Proses pendidikan yang semacam itu akan menimbulkan disparitas antarmurid. Kekhawatiran terbesar adalah ketika guru menjadi luput menemukan celah potensi yang dimiliki murid jika hanya memandang aspek kognitif sebagai satu-satunya tolok ukur. Padahal kita tahu, ada beberapa individu murid yang memiliki potensi lebih di aspek lain, misalnya di bidang linguistik ataupun kinestetik.
Belum lagi jika berbicara tentang inklusi, mungkin ada murid yang tidak seberuntung lainnya. Dia menyandang disabilitas atau berkebutuhan khusus, kini kita sematkan kata spesial bagi mereka yang tak seberuntung lainnya. Tentu ini memerlukan pendekatan yang lebih intens daripada lainnya. Era lampau dunia pendidikan, khususnya sebelum masuk tahun milenium 2000 kurang memerhatikan kehadiran mereka.
Pendidikan adalah proses memanusiakan manusia.

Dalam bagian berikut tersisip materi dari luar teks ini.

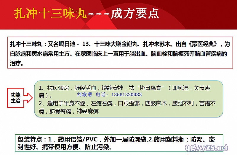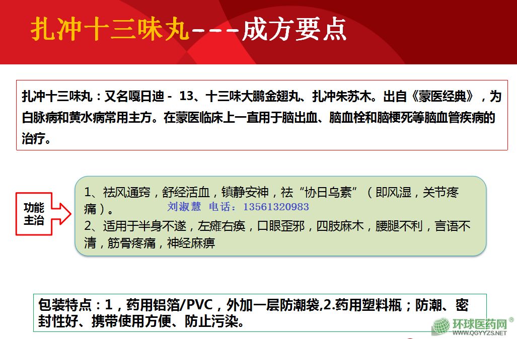 | 補充說明 | 扎沖十三味丸能有效的抑制血栓形成、溶解血栓。促進腦出血血腫吸收和受損受損的腦細胞恢復功能,使半身不遂、言語不利、口眼斜歪迅速康復。 扎沖十三味丸能軟化血管、降低血管阻力和血液粘稠凝聚狀態(tài),增加心腦供血,改善心腦慢性供血不足引起的眩暈、胸悶、頭痛等癥。 扎沖十三味丸可改善椎基底動脈缺血,使局部受壓的神經根細胞和粘連變性的肌肉組織松懈和修復?捎行Ь徑忸i椎病引起的**癥狀。 扎沖十三味丸改善機體微循環(huán),抑制WBC、肥大細胞和免疫復合物沉積于關節(jié)滑囊和血管壁上,因而對風濕、類風濕療效**。 |

Perspektif pendidikan terkini tidak kaku menempatkan jarak antara murid yang satu dengan lainnya. Sebagai guru kita memegang prinsip jika masing-masing individu murid membawa potensi yang dapat dikembangkan, yang di alam pemikiran Ki Hajar Dewantara disebut dengan kodrat alam dan kodrat zaman. Guru adalah pamong murid untuk melejitkan potensi kodratnya.
Maka, ketika Kemendikdasmen saat ini mulai memerhatikan pendidikan inklusif adalah perkembangan yang positif dari masa sebelumnya. Sebagai guru, kita menyambut langkah-langkah humanis dari kementerian ini dengan senang hati dan semangat untuk selalu belajar dan mengembangkan diri termasuk bagaimana menjadi guru di ranah pendidikan inklusif.

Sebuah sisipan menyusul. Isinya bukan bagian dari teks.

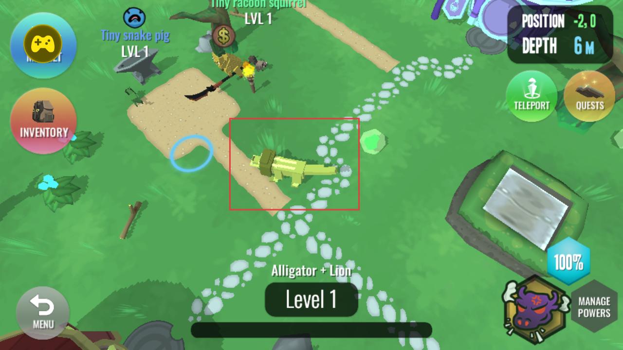 1、操控合成的杂交动物在地图中移动,周围有其他杂交动物,可借助TELEPORT、QUESTS等功能按钮,开启探索与养成的趣味之旅。

Kebutuhan sekolah inklusif
Merujuk informasi dari laman mpr.go.id yang rilis 30 Desember 2024, Direktorat Pendidikan Masyarakat dan Pendidikan Khusus /PMPK, Kementerian Pendidikan Dasar dan Menengah (Kemendikdasmen) mengungkapkan, hasil survei persepsi publik tentang pengetahuan masyarakat mengenai pendidikan inklusif masih di angka 52%.

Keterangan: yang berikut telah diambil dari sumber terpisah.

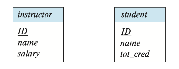 employee(ID, street, city, salary) student(ID, street, city, tot_cred)

Berdasarkan data Dapodik per November 2024, jumlah siswa penyandang disabilitas di Indonesia yakni 341.414 orang. Dari jumlah tersebut, 162.038 orang menempuh pendidikan di sekolah luar biasa, sedangkan sisanya menempuh pendidikan di sekolah yang menyelenggarakan pendidikan inklusif. Terdapat sekitar 40.164 sekolah yang menampung peserta didik berkebutuhan khusus, dari jumlah tersebut hanya sekitar 14,8% hingga 15% dari total sekolah inklusi yang memiliki Guru Pembimbing Khusus (GPK).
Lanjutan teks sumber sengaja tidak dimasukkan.